Simulation-Based Analysis of the Breakdown Strength of Different Dielectric Materials: A Comparative Study of Polymers, Ceramics and Composites
DOI:
https://doi.org/10.62292/njp.v34i1.2025.365Keywords:
Dielectric, Breakdown strength, Dielectric materials, polymers, ceramics, composite materialsAbstract
In addition to the capacity to store and control electrical energy, dielectric materials are crucial to electrical and electronic engineering. These materials are distinguished by their insulating qualities, which are essential in circuit boards, capacitors, transformers and insulators, among other applications. This study presents a simulation-based analysis of the breakdown strength of various dielectric materials, focusing on polymers, ceramics, and composite materials using MATLAB. Dielectric breakdown strength is a critical parameter in determining the suitability of materials for high-voltage and high-frequency applications, such as power electronics, energy storage, and materials such as polyethylene (PE), polyimide (PI), alumina (Al2O3), barium titanate (BaTiO2), and epoxy-resin-based composites infused with nanoscale fillers like silica (SiO2) or carbon nanotubes (CNTs).
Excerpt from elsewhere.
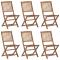 Chaises pliables de jardin lot de 6 avec coussins Bois d'acaciaCes chaises pliables en bois d'acacia massif avec coussins sont un endroit idéal pour vous détendre et profiter du soleil dans le jardin ou sur le patio. Ces chaises de jardin sont fabriquées en bois d'acacia massif, ce qui les rend solides et stables. Le bois d'acacia massif a la force de soutenir le poids et résiste à l'usure du temps. Ainsi, ces chaises d'extérieur offrent des années de détente. De plus, les chaises peuvent être pliées pour économiser de l'espace lorsqu'elles ne sont pas utilisées. Les coussins inclus ajoutent un confort supplémentaire. Chaque coussin comporte deux ensembles de cordes pour le fixer solidement sur la chaise. Remarque : Afin de prolonger la durée de vie de vos meubles d'extérieur, nous vous recommandons de les nettoyer régulièrement et de ne pas les laisser à l'extérieur sans protection inutilement.Nettoyage : Utiliser une solution savonneuse douceStockage : Si possible, stockez dans un endroit frais et sec à l'intérieur. Si le produit est stocké à l'extérieur, protégez-le avec une housse imperméable. Essuyez et séchez l'excès d'eau ou de neige des surfaces planes après la pluie ou une chute de neige. Permettez une circulation d'air suffisante afin d'éviter les dommages liés à l'humidité. Maximum 110 kg par siège.
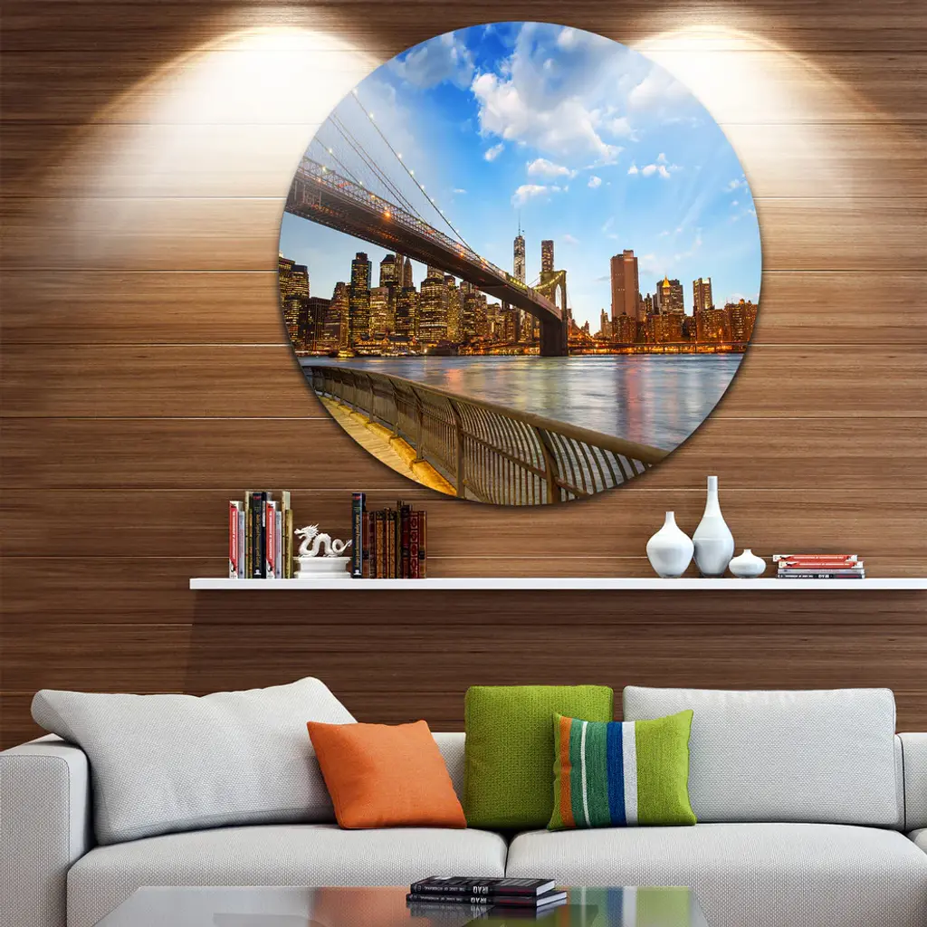 Calm Sky Over Brooklyn Bridge, Cityscape Photo Disc Metal Artwork, 23"

The results highlight the unique strengths and limitations of these materials. Polymers like polyethylene exhibit high flexibility and process ability but are limited by thermal sensitivity. Ceramics, including alumina and barium titanate, offer exceptional thermal and electrical performance but suffer from brittleness. Composite materials demonstrate a balance of mechanical robustness and enhanced dielectric properties through tailored filler incorporation. This research identifies optimal material candidates with superior breakdown strength and provides valuable insights for the development of advanced dielectric systems in cutting-edge technologies, telecommunications. Using advanced simulation tools, this research evaluates and compares the dielectric breakdown mechanisms, thermal stability, and electrical performance of these materials, providing a comprehensive analysis of their applicability in advanced technologies such as telecommunications and power systems.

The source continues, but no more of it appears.